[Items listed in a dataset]

+--

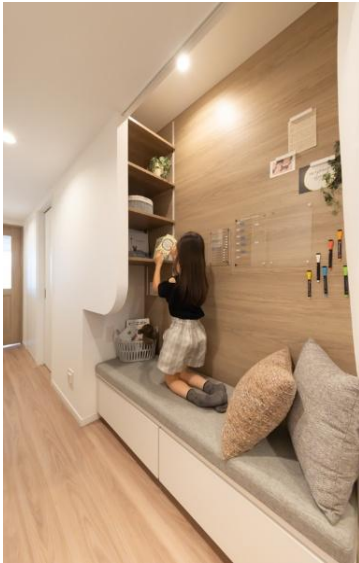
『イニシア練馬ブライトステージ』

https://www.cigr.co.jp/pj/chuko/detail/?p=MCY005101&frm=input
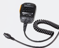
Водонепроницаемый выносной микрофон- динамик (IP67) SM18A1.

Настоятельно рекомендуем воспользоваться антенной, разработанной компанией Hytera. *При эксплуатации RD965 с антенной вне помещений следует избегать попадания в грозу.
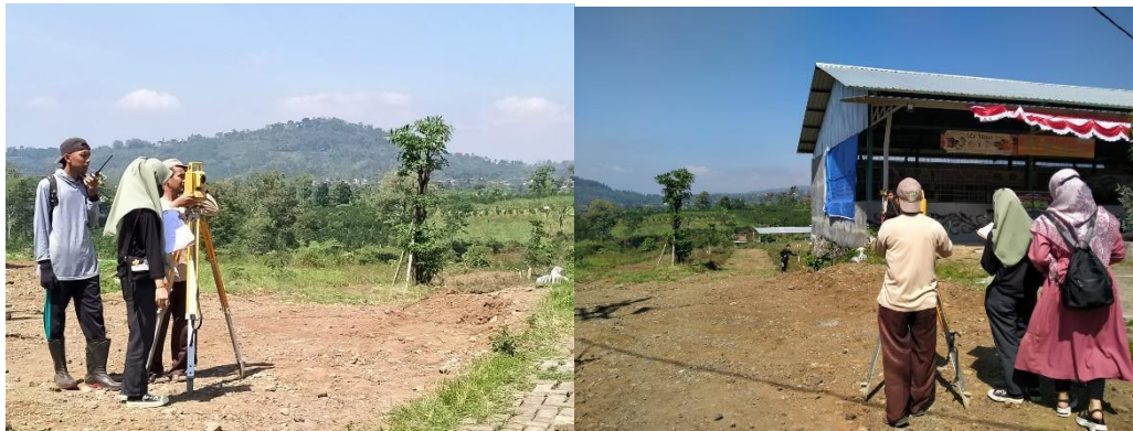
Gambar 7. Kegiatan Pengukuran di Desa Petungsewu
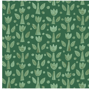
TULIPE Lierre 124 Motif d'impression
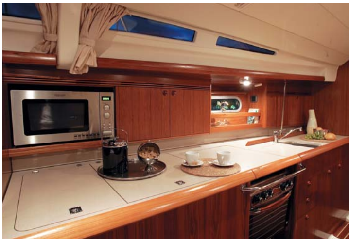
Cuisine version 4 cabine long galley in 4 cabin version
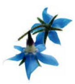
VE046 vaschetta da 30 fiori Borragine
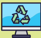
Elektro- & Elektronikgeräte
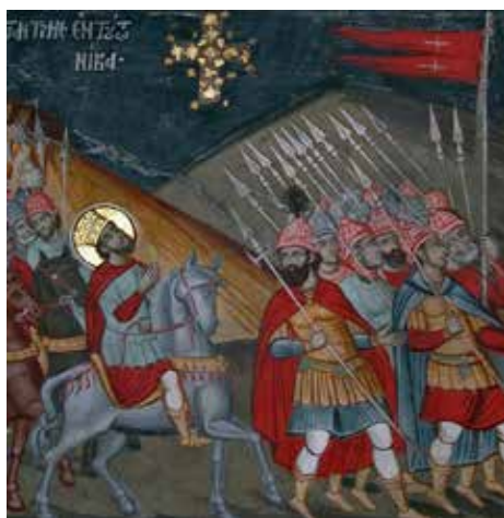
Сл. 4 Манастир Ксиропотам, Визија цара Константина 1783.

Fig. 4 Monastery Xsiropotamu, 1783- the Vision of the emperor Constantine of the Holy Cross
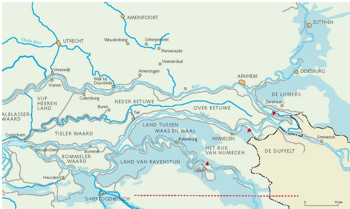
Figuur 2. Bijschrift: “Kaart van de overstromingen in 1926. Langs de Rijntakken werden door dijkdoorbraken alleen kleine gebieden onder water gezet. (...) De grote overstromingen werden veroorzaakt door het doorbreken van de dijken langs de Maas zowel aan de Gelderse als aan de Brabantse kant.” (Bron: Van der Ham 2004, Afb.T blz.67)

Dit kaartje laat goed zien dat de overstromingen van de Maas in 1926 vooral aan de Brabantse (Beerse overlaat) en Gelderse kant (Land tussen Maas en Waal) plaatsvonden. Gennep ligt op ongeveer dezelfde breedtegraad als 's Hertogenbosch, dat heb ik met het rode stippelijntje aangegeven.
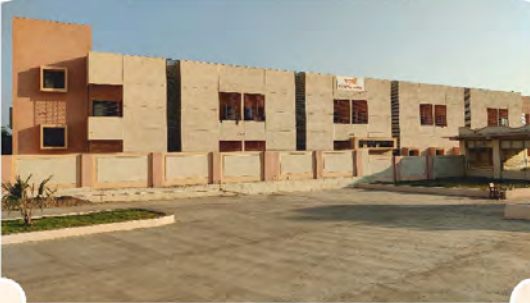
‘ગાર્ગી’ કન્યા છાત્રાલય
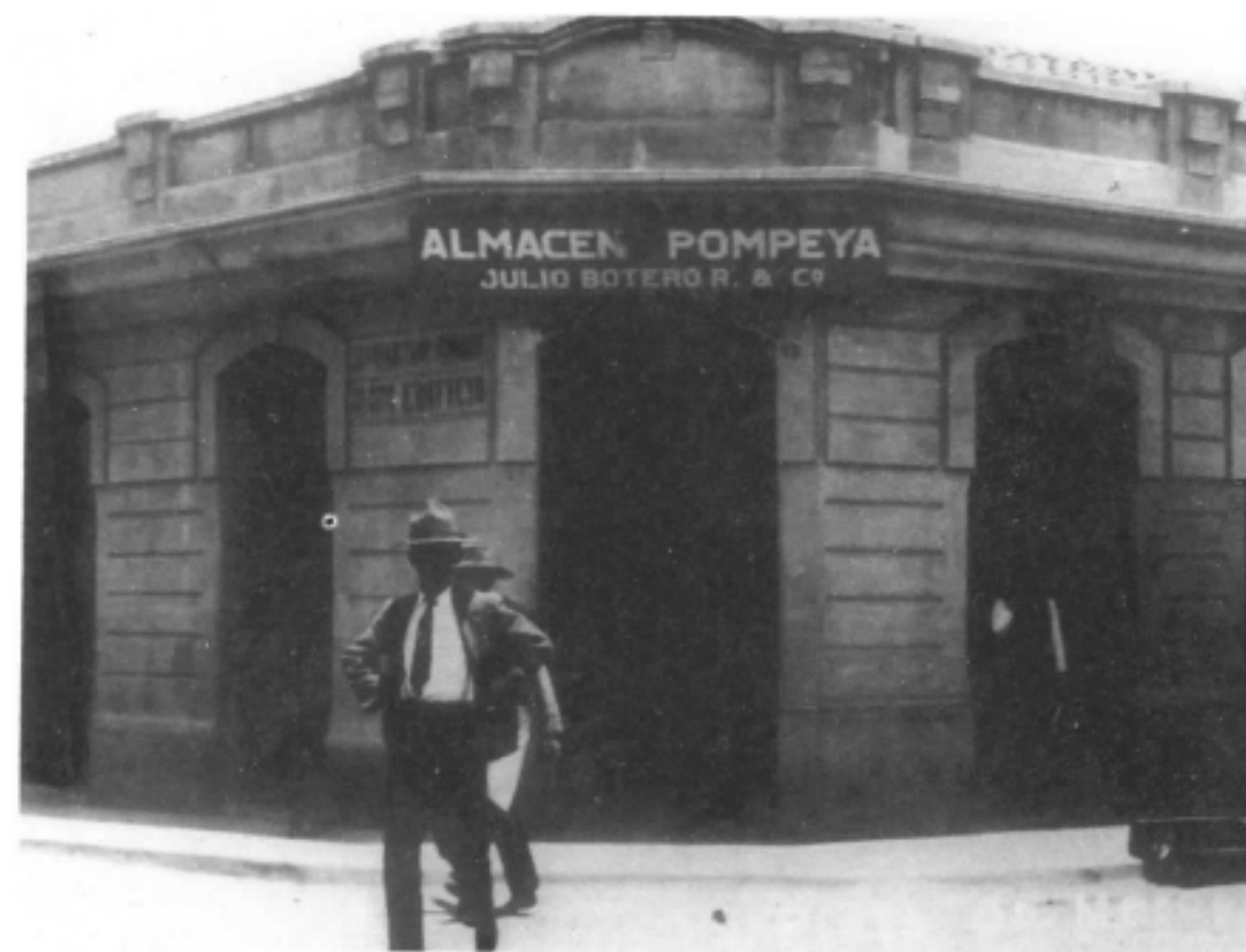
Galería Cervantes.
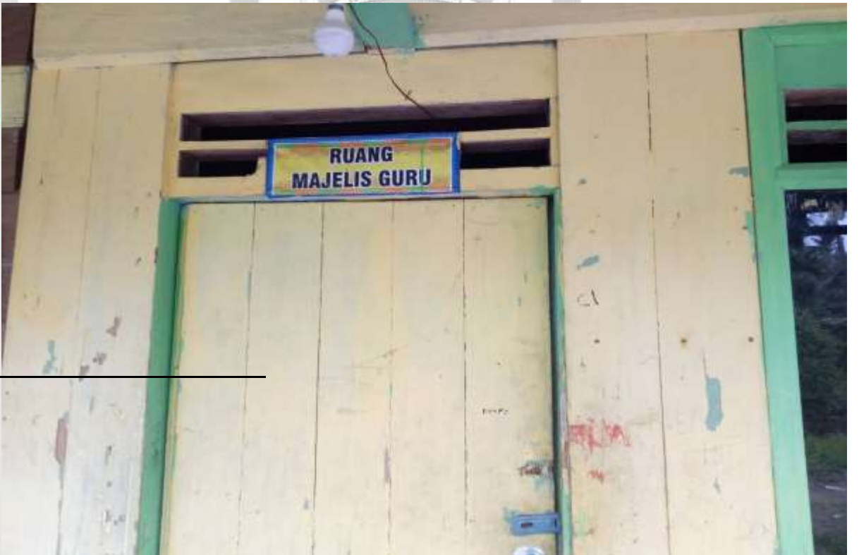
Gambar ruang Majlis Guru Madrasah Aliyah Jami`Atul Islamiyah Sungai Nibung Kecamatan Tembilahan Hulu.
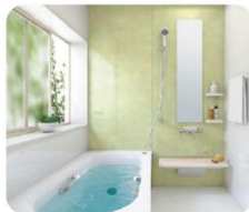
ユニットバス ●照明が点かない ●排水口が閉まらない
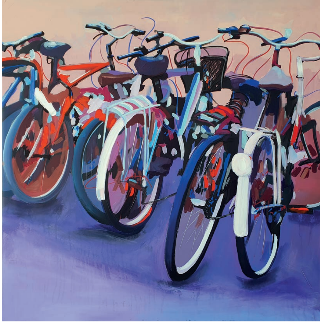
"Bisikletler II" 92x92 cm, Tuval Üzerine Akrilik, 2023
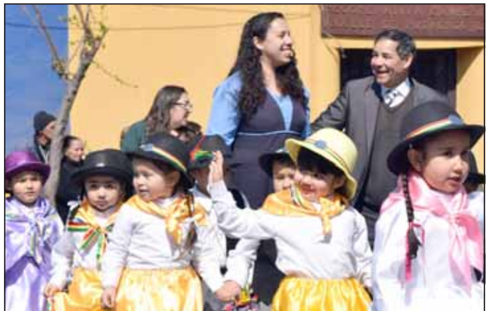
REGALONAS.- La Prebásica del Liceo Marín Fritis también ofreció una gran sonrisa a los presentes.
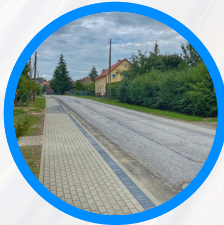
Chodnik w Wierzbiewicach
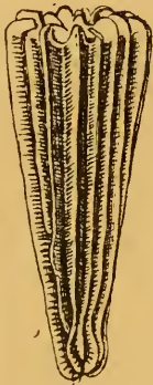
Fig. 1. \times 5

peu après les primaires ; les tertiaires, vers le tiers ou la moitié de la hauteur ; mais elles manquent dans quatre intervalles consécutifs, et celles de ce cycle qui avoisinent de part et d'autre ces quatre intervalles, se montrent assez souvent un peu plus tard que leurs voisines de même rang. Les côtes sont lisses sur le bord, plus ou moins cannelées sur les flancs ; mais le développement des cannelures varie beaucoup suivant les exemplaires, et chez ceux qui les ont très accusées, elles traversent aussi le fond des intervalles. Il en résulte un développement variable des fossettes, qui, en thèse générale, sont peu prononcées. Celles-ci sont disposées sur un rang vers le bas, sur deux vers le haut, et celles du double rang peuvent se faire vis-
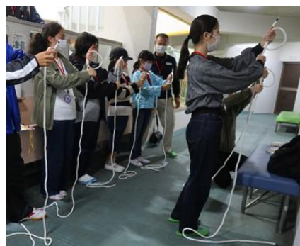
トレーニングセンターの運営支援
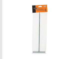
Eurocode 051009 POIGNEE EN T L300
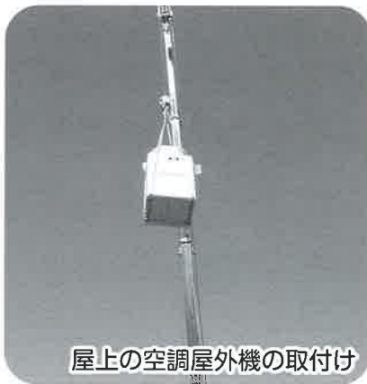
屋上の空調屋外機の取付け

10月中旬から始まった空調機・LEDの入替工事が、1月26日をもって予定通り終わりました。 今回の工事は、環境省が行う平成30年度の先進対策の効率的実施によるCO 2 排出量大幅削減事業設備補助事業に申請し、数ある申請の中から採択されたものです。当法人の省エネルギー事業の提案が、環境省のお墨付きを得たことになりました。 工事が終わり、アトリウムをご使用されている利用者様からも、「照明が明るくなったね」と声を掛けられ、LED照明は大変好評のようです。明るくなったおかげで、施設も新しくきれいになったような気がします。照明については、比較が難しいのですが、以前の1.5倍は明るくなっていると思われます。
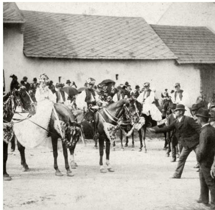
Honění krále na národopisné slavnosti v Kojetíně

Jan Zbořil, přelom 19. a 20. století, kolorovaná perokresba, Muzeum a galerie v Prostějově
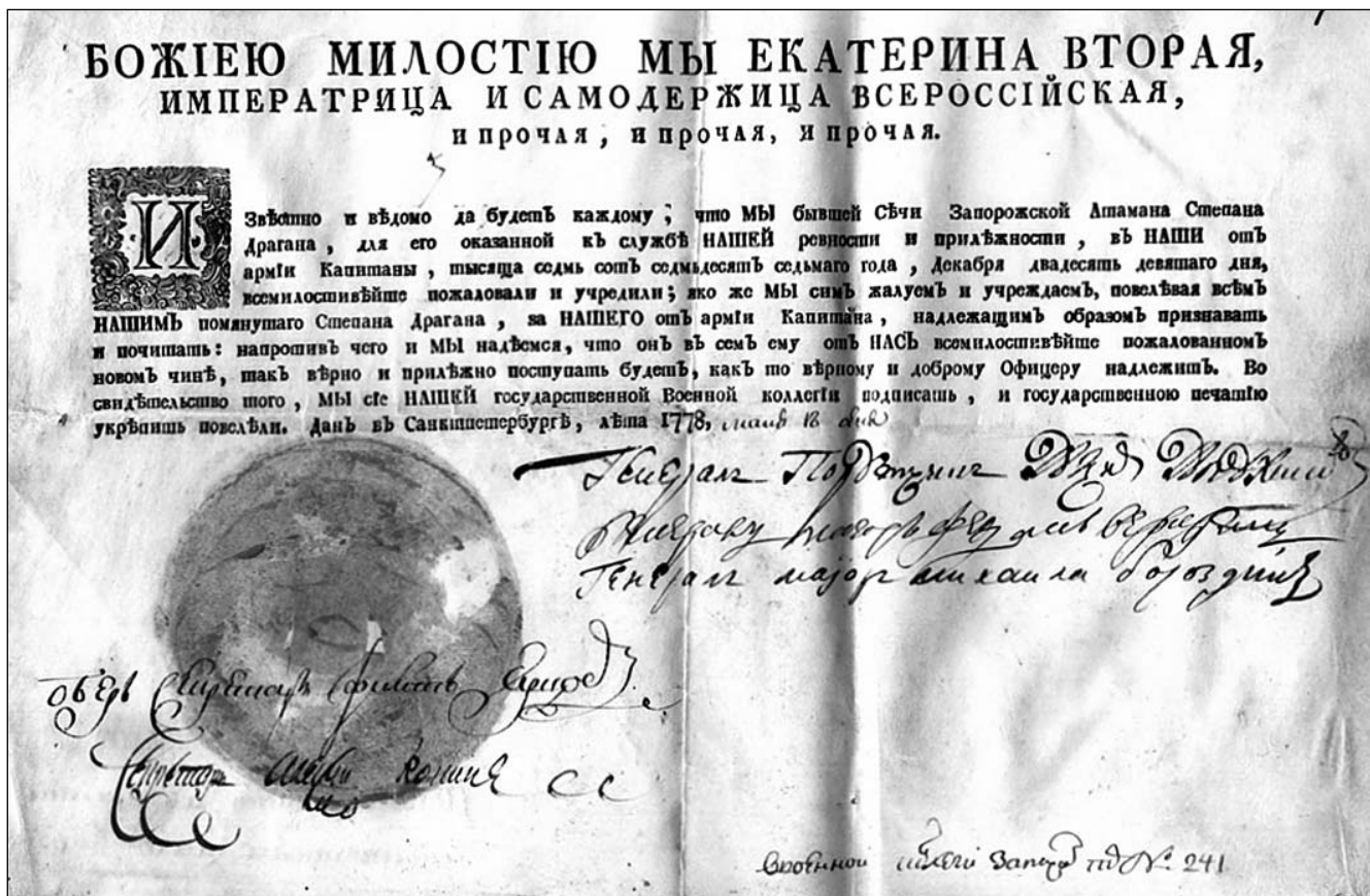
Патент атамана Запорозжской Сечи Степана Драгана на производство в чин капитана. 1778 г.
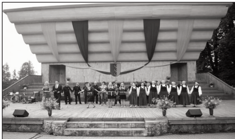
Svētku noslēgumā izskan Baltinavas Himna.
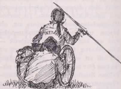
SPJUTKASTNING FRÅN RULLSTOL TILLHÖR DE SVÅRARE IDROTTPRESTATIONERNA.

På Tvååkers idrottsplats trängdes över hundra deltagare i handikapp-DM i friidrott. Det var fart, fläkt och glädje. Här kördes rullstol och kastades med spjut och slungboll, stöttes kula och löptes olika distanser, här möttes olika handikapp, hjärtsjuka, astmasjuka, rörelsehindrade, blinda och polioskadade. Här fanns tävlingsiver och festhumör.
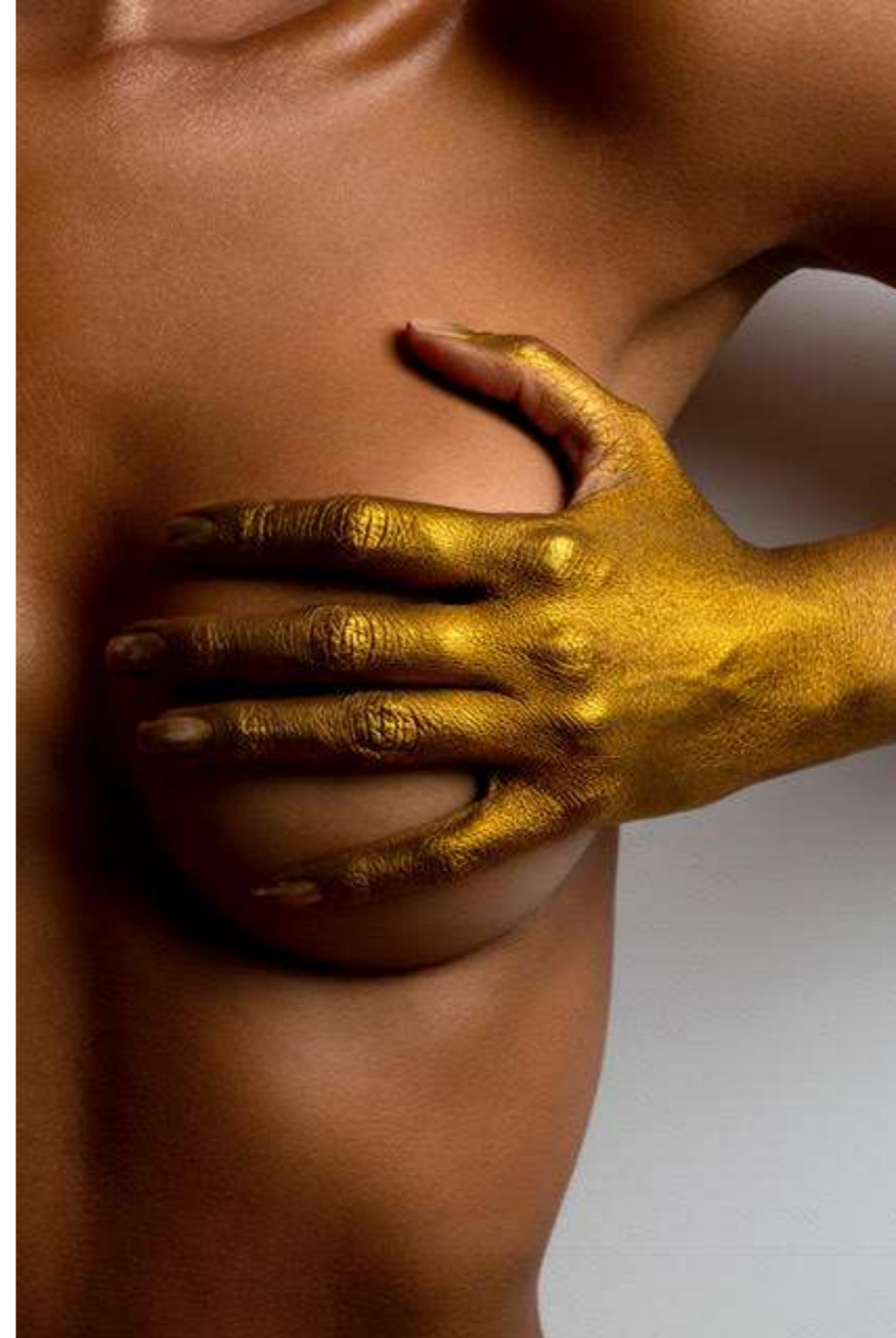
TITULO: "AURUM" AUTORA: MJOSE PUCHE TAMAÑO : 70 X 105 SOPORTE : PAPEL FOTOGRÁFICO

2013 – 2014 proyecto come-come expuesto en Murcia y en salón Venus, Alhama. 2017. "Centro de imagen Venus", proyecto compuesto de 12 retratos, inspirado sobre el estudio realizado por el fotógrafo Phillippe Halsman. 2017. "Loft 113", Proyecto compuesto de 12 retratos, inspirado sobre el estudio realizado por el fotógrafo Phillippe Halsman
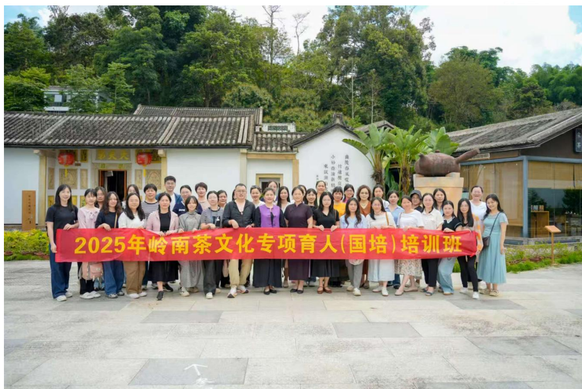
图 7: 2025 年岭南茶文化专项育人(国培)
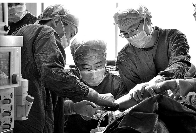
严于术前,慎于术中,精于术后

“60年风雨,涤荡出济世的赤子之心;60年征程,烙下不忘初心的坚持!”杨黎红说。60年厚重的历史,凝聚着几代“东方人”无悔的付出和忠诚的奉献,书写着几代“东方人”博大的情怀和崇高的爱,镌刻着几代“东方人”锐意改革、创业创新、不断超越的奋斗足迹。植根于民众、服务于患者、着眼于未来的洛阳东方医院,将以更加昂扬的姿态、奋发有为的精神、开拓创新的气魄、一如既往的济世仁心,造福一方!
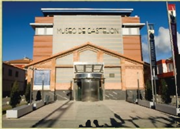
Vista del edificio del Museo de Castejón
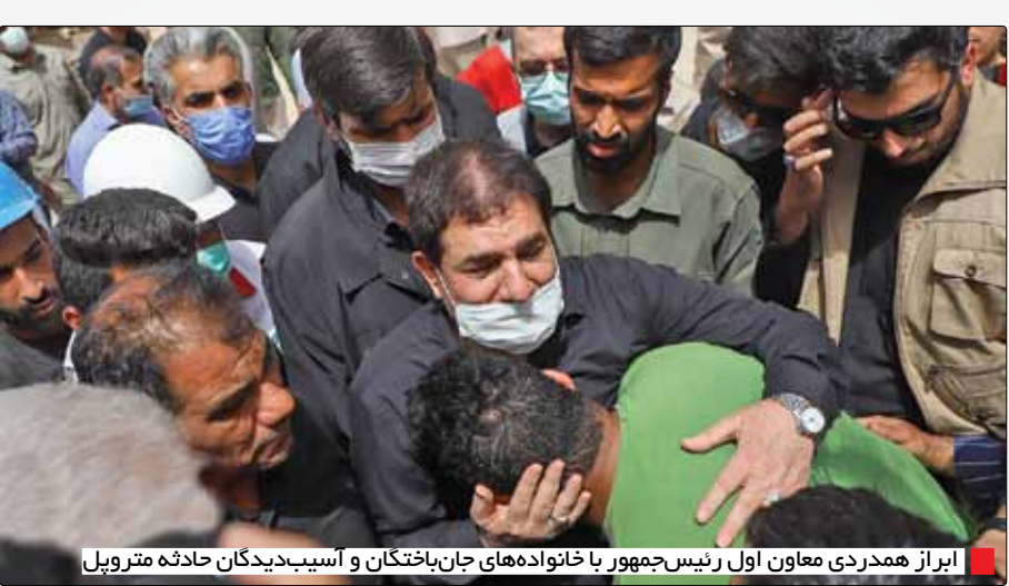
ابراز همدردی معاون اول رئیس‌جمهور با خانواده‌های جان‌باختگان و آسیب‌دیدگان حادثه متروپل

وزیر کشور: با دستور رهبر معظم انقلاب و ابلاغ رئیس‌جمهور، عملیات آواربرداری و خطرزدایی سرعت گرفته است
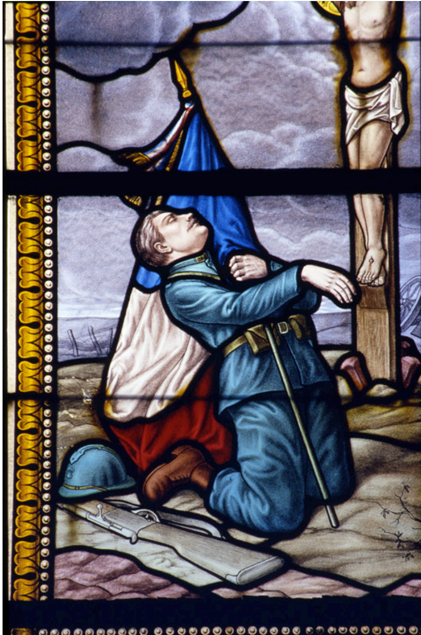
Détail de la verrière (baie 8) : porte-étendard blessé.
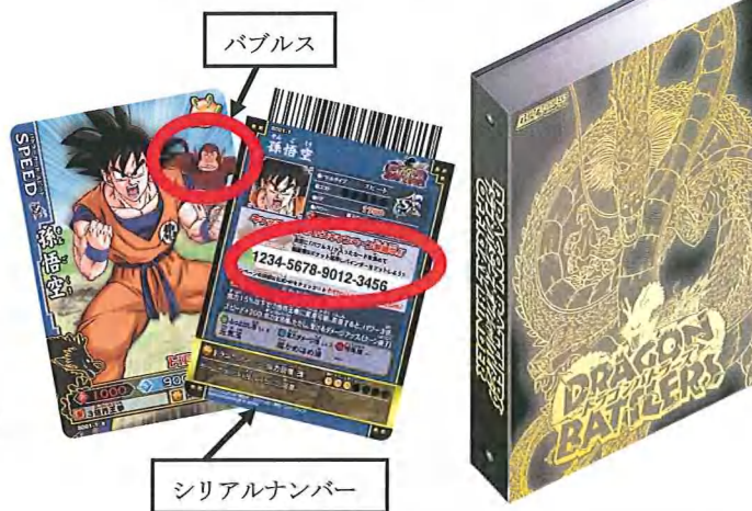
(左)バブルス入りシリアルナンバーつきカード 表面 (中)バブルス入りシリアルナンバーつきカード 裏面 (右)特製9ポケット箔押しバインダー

+--

After locating "Honění krále na" and "图 7: 2025 年岭南茶文化专项育人(国培)" in the records above, return exactly the line holding each one and every line between them; leave out the pictures.

## Result of the exercise
Honění krále na národopisné slavnosti v Kojetíně

Jan Zbořil, přelom 19. a 20. století, kolorovaná perokresba, Muzeum a galerie v Prostějově
Патент атамана Запорозжской Сечи Степана Драгана на производство в чин капитана. 1778 г.
Svētku noslēgumā izskan Baltinavas Himna.
SPJUTKASTNING FRÅN RULLSTOL TILLHÖR DE SVÅRARE IDROTTPRESTATIONERNA.

På Tvååkers idrottsplats trängdes över hundra deltagare i handikapp-DM i friidrott. Det var fart, fläkt och glädje. Här kördes rullstol och kastades med spjut och slungboll, stöttes kula och löptes olika distanser, här möttes olika handikapp, hjärtsjuka, astmasjuka, rörelsehindrade, blinda och polioskadade. Här fanns tävlingsiver och festhumör.
TITULO: "AURUM" AUTORA: MJOSE PUCHE TAMAÑO : 70 X 105 SOPORTE : PAPEL FOTOGRÁFICO

2013 – 2014 proyecto come-come expuesto en Murcia y en salón Venus, Alhama. 2017. "Centro de imagen Venus", proyecto compuesto de 12 retratos, inspirado sobre el estudio realizado por el fotógrafo Phillippe Halsman. 2017. "Loft 113", Proyecto compuesto de 12 retratos, inspirado sobre el estudio realizado por el fotógrafo Phillippe Halsman
图 7: 2025 年岭南茶文化专项育人(国培)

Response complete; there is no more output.